Advantages and Disadvantages
The bubble procedure has the advantage that it produces only minimal discomfort and the vision that will return tends to return quickly over a matter of days or weeks. It has two disadvantages: the need for positioning, which is mentioned above. Depending on the location of the tear, this can be anything from a minor nuisance to a major problem. Physical inability to maintain the position is one contraindication to doing this procedure. Secondly, if one takes all eyes to which the bubble is applicable, the procedure works only 7 or 8 out of 10 times. This does not mean that the other 2 or 3 out of 10 eyes go blind. It usually means that these eyes will later need scleral buckling, the other, more extensive procedure. Usually, the need for scleral buckling is obvious within the first few days.
The Scleral Buckle
The buckle begins, like the bubble, with anesthetic and freezing treatment. The tissues around the eye are then opened using scissors so that access can be gained to the side of the eyeball, on a spot or spots on the outside of the eye corresponding to where the tears are on the inside. A piece of silicone rubber is then sewn in such a way that when the sutures are tightened, the silicone indents the eye wall, making a hill on the inside of the eye for the tear to rest upon. Often, some of the fluid under the retina is drained out of the eye using a fine needle while the process is carefully monitored using the indirect ophthalmoscope. The drainage and the indentation from the buckle usually close the breaks.

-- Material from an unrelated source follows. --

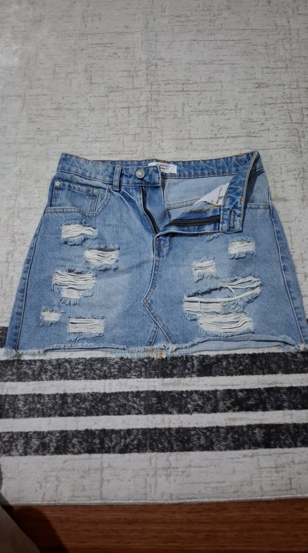 Kadın Yırtık Mini Denim Etek
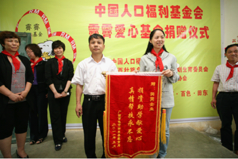 捐贈儀式于5月12日下午在百色市田東縣林逢鎮東往小學舉行。中國人口福利基金會項目管理部部長牛艷平、霽霽企業代表陳穎、廣西計生協龐弶副秘書長、百色市人口計生委副主任韋玉清及田東縣人民政府調研員陸照典等當地領導共同出席了捐贈儀式。

Advantages and Disadvantages
This procedure has the advantage that it works 9 or 9.5 times out of 10 as a first procedure. The major advantage is that the ”buckle” typically does not require any special positioning. Furthermore, this procedure can be used to repair retinal detachments to which the bubble procedure cannot be usefully applied. It has the disadvantage that it typically hurts considerably more, at least for the following day or two, than does the bubble procedure. The vision that will return does so more slowly, typically over time measured in weeks or months, rather than days or weeks.
Once the retina is successfully reattached, the process of visual improvement begins. In the case where the center of the retina has not detached, the visual results are usually quite good. When the center of the retina has been detached, the visual results are less impressive, only rarely as good as the vision prior to the detachment, but sometimes close to it.
As stated above, the most common problem with each of these procedures is the possibility that the retina may not be attached in one operation. A subsequent attempt at repair can be entertained using a combination of these procedures or other available techniques not covered here (e.g., vitrectomy). About 7 in 100 eyes develop some generalized scarring referred to as PVR (proliferative vitreoretinopathy) which shortens the retina, makes it less elastic, and sometimes holds the breaks open despite efforts to close them. Usually, some combination of techniques can be used to repair retinas that develop this problem, but sometimes, even with the best efforts, PVR results in blindness. Other risks involved in these procedures include infection, perforation of the eye with the anesthetic needle, bleeding, double vision, glaucoma, and acceleration of cataract formation. All of these complications are quite uncommon.